El Occidente: una podredumbre que huele bien, un cadáver perfumado.
(E. M. Cioran)
Reabrir heridas devino el gesto fundamental y compartido entre las producciones que marcaron mi dos mil ocho. Un conjunto de artefactos que de diversos modos y de manera independiente ahondaron en lo podrido de los cimientos, estructura y recubrimiento de la llamada civilización occidental.
1. La question humaine, Nicolas Klotz y Élisabeth Perceval.
Un ensayo sublime sobre la contribución de la lógica nazi al espíritu del capitalismo. Exquisito, sin concesiones, preciso aún flotante.

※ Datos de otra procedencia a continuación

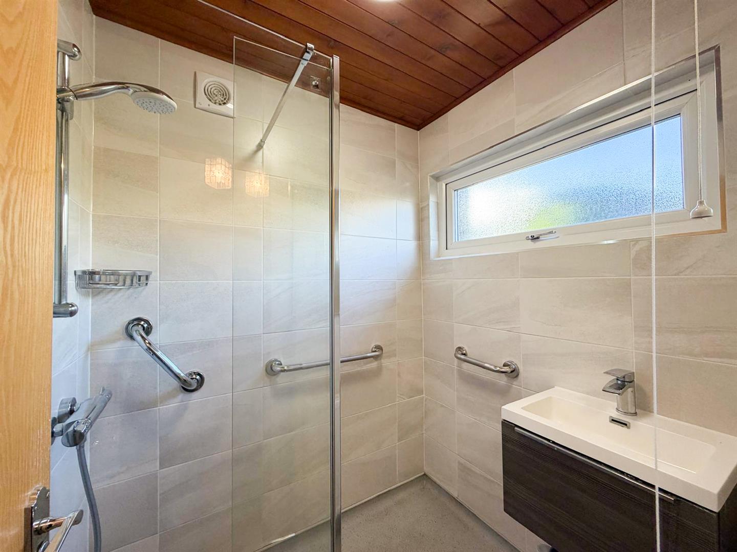 Upon entering, you are greeted by a spacious hallway with an open return staircase leading to the first floor. The ground floor features a modern shower room and a separate W.C. At the front of the house, the sitting room boasts a large picture window that floods the space with natural light and offers a pleasant view of the garden. An attractive fireplace and wood flooring add a touch of elegance to the room. Further along the hallway, a large walk-in cupboard provides practical storage solutions.

Tiene, posiblemente, el final más conmovedor desde L'Eclisse.
2. Hunger, Steve McQueen
De algún modo, este podría ser primer capítulo de una historia subalterna del Reino Unido post 1979: desentierra un hecho convenientemente olvidado, que Thatcher no tuvo inconveniente en dejar morir de hambre a diez prisioneros del IRA antes que concederles el estatus de prisioneros políticos. Y lo hace observando, arañando, el límite de la imagen-violencia y la imagen-belleza -simultáneamente, pero evitando una comunión pornográfica.
3. The Wire, David Simon et al.
Para muchos, la reconciliación con la serialidad televisiva. Amplitud épica y narrativa clásica-realista al servicio de un masterclass en sociología urbana americana. El primer gesto pivotal, de muchos, es hacerlo desde Baltimore; apenas unas millas al norte de Washington pero muy alejados de los focos de Hollywood. Es el cuento de la otra América post-Fordista.
4. Shibboleth, Doris Salcedo.
Salcedo rajó el hormigón armado de la Tate Modern y señaló la violencia sobre la que se erige y sustenta la institución-arte. Una puñalada que además ha devenido cicatriz permanente.
5. Gomorra, Matteo Garrone
Haciendo uso de un simple dispositivo naturalista que no le hace ascos a cierta espectacularización comercial, Garrone plantea efectivamente la consanguinidad de la mafia con el capitalismo italiano, del que bien podría ser su culminación.
6. There will be blood, Paul Thomas Anderson
Aún innecesariamente grandilocuente, la indulgencia del relato no hace sino reflejar los excesos de la historia de Daniel Plainview -a su vez sinécdoque del mismísimo sueño americano: ambición, trabajo, riqueza, desprecio, ostentación, delirio, Stücke.